What to work on: Your answer should hold exactly the lines below from the line with "Abstract fantastic landscape" through the line with "4. 新トクするサポート+に加入: 48回払いを選択して申し込みを完了させます。", both included, and no pictures at all.

Material provided:
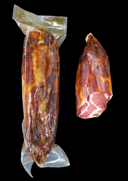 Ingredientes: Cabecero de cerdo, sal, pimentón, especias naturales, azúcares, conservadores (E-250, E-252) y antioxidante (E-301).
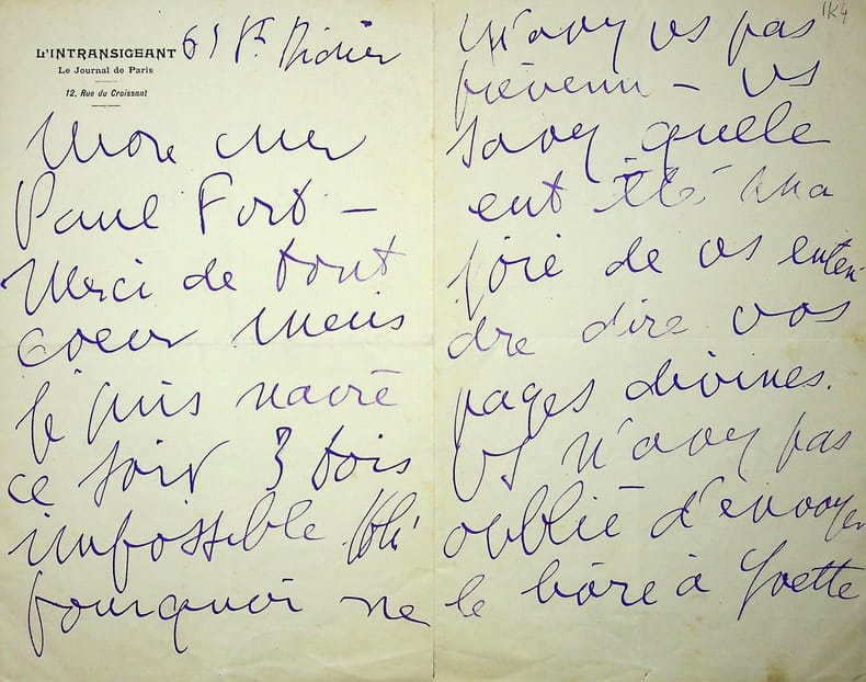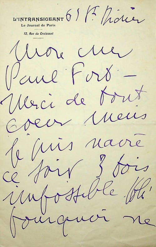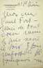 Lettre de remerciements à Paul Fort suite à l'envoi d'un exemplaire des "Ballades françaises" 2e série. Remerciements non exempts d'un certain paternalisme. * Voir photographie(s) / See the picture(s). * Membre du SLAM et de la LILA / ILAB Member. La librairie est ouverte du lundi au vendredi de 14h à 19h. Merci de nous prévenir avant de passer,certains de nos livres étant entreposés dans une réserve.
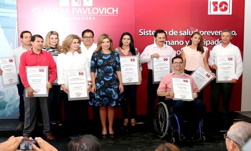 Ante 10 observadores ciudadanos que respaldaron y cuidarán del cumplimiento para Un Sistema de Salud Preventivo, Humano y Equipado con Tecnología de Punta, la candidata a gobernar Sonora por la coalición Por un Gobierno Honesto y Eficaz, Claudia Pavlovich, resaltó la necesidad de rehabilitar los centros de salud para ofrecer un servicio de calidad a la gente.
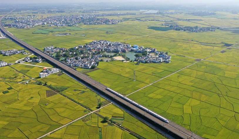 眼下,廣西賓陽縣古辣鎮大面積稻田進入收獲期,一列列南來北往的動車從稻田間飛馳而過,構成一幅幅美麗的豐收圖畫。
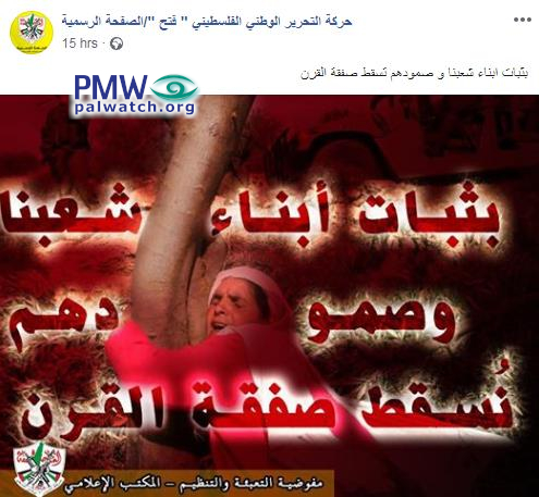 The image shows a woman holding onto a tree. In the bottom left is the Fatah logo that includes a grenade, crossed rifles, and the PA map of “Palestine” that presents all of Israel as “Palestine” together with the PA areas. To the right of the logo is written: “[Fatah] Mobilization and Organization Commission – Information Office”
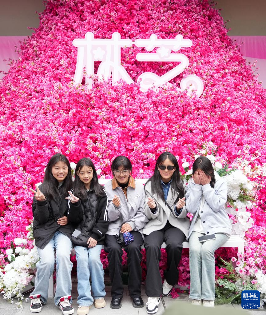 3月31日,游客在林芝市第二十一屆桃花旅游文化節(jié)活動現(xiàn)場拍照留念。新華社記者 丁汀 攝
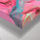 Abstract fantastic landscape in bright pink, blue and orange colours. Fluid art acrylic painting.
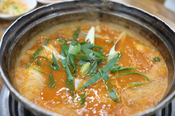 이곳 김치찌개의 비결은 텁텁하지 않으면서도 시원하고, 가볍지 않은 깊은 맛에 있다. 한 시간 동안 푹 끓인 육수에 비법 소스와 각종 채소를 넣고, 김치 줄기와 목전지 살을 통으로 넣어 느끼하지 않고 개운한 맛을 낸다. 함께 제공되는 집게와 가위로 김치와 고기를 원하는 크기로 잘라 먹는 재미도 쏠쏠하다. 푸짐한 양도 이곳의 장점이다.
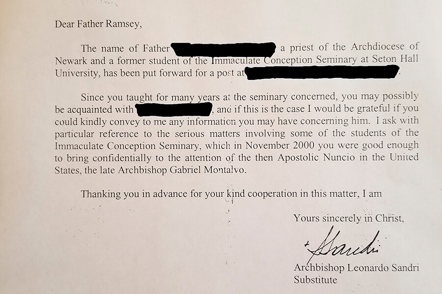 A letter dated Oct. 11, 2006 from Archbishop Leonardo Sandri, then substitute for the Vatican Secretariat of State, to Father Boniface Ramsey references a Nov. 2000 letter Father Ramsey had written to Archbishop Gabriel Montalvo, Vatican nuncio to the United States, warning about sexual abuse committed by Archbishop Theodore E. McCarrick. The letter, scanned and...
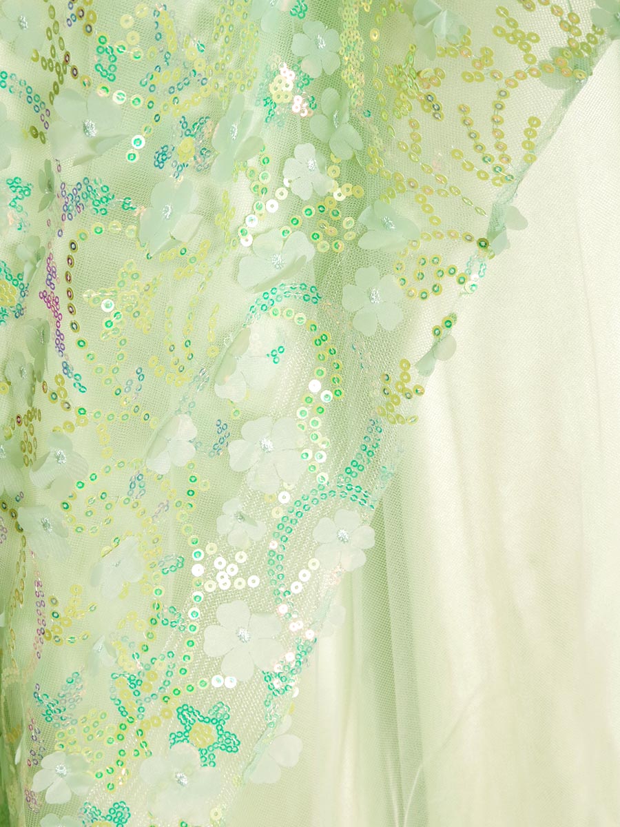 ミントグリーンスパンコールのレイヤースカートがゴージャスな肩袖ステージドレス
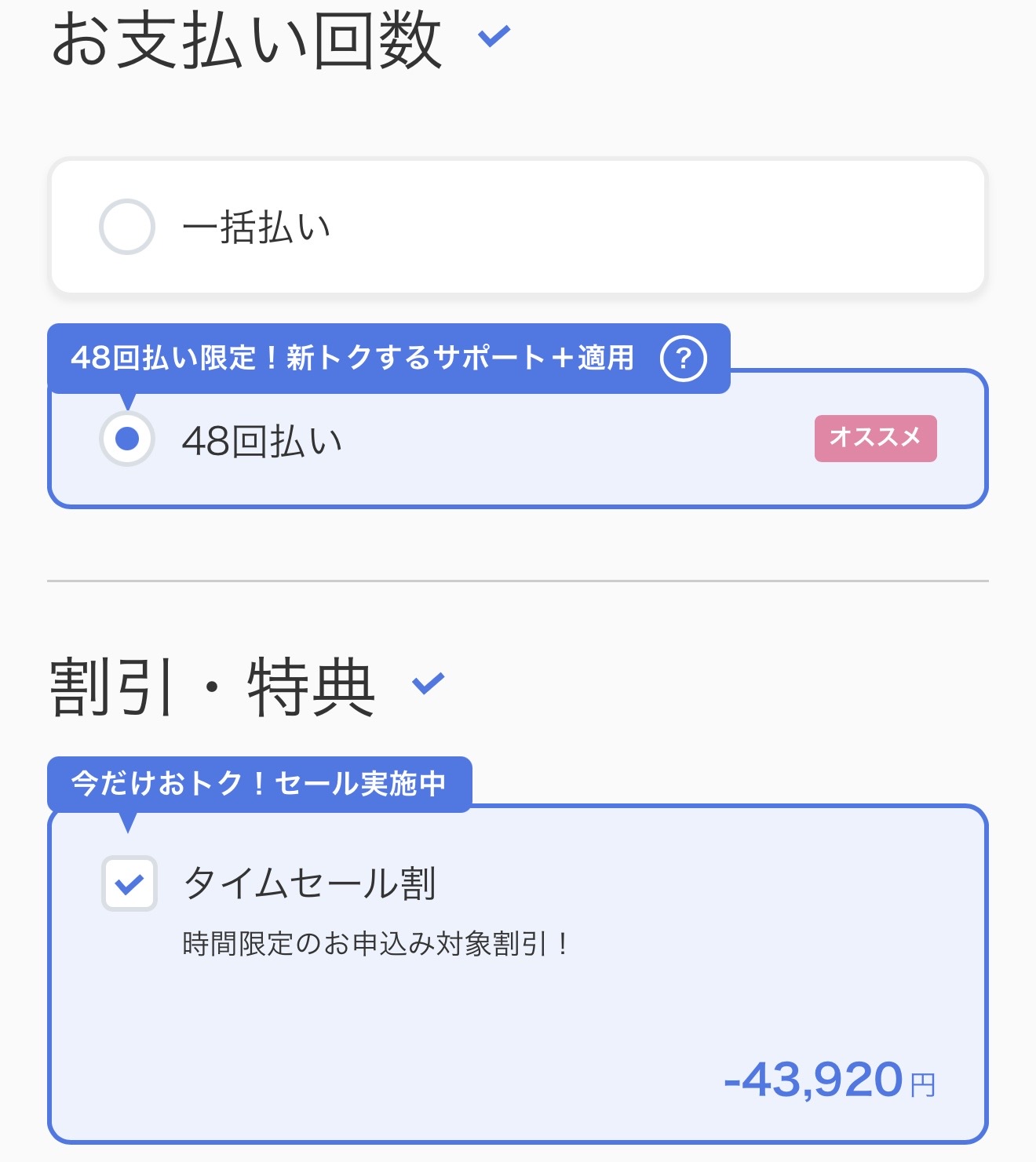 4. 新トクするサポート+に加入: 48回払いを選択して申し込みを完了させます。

...

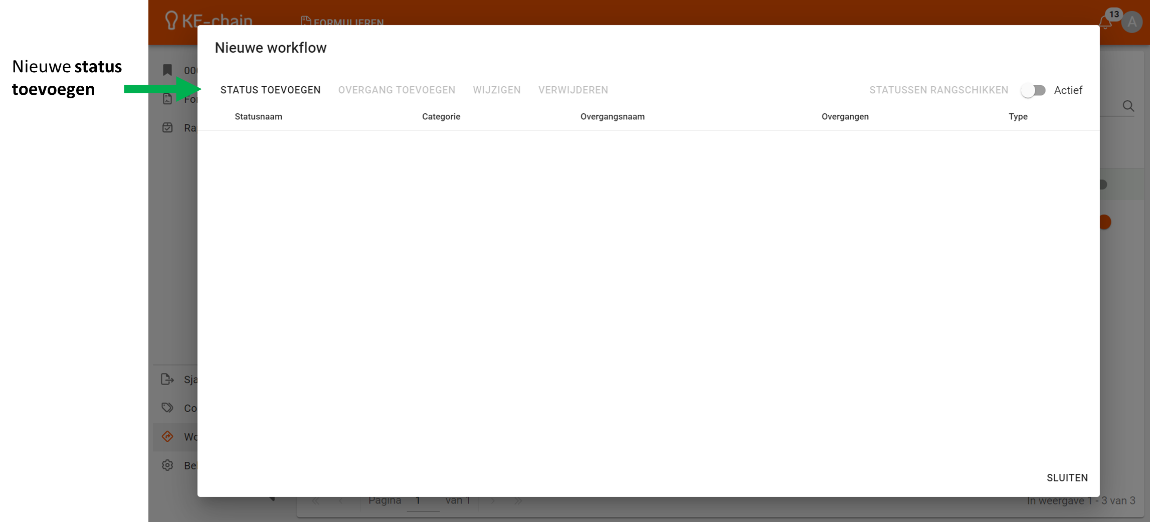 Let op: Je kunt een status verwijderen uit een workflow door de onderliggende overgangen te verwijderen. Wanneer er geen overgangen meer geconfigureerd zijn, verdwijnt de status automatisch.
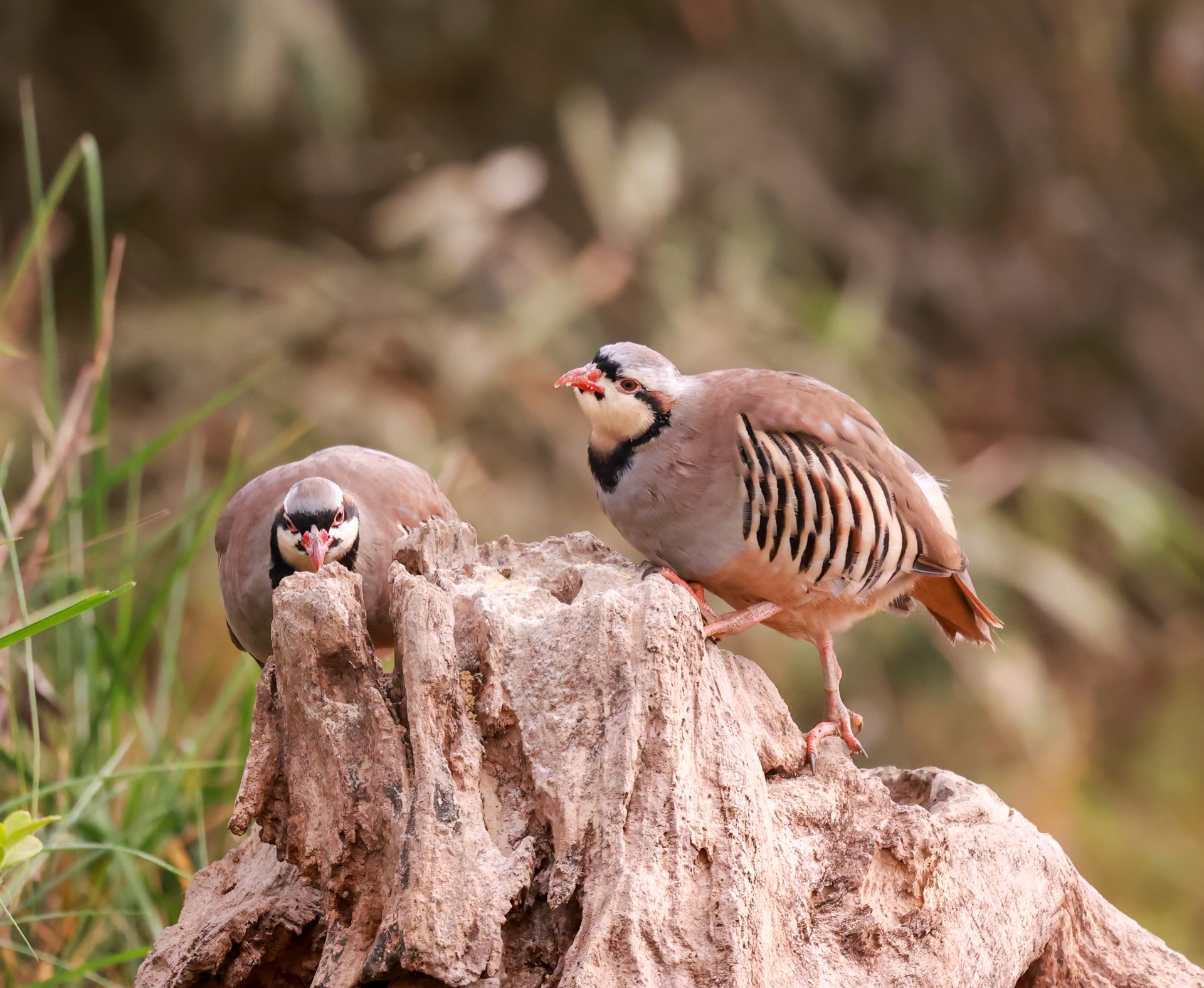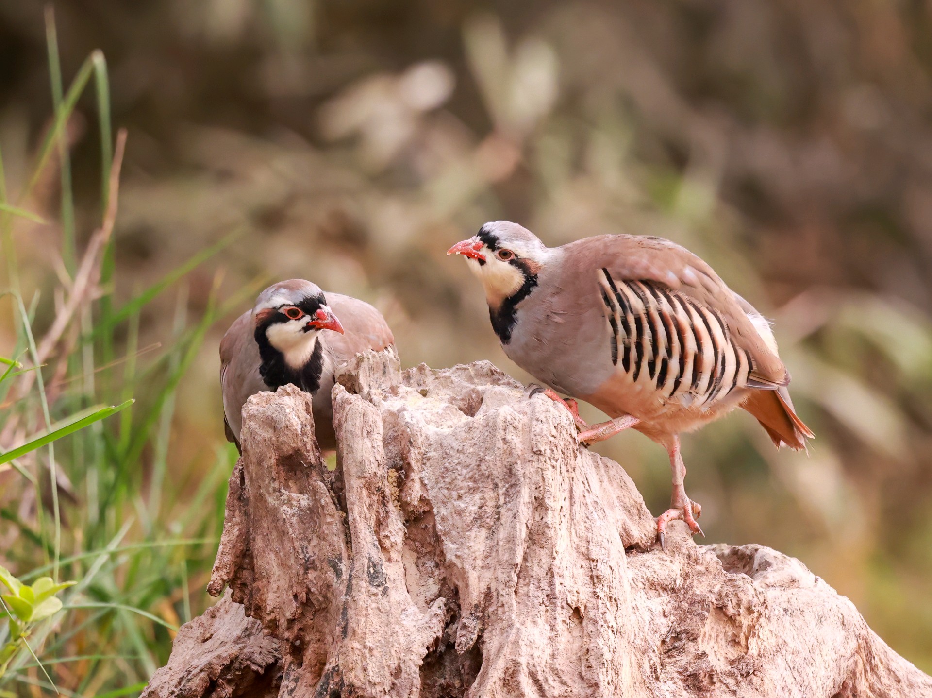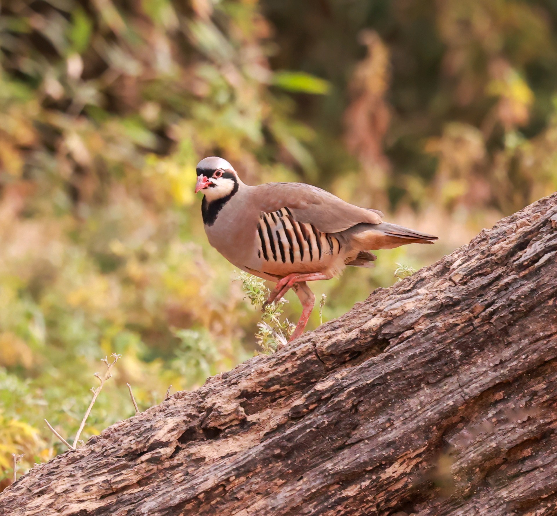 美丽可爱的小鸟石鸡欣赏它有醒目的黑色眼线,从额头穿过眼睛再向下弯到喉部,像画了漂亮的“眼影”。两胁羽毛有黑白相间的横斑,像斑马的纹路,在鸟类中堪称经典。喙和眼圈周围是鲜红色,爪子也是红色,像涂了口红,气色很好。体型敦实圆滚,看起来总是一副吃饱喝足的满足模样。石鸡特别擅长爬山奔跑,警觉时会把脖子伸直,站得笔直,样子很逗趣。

Output of the task:
 Abstract fantastic landscape in bright pink, blue and orange colours. Fluid art acrylic painting.
 이곳 김치찌개의 비결은 텁텁하지 않으면서도 시원하고, 가볍지 않은 깊은 맛에 있다. 한 시간 동안 푹 끓인 육수에 비법 소스와 각종 채소를 넣고, 김치 줄기와 목전지 살을 통으로 넣어 느끼하지 않고 개운한 맛을 낸다. 함께 제공되는 집게와 가위로 김치와 고기를 원하는 크기로 잘라 먹는 재미도 쏠쏠하다. 푸짐한 양도 이곳의 장점이다.
 A letter dated Oct. 11, 2006 from Archbishop Leonardo Sandri, then substitute for the Vatican Secretariat of State, to Father Boniface Ramsey references a Nov. 2000 letter Father Ramsey had written to Archbishop Gabriel Montalvo, Vatican nuncio to the United States, warning about sexual abuse committed by Archbishop Theodore E. McCarrick. The letter, scanned and...
 ミントグリーンスパンコールのレイヤースカートがゴージャスな肩袖ステージドレス
 4. 新トクするサポート+に加入: 48回払いを選択して申し込みを完了させます。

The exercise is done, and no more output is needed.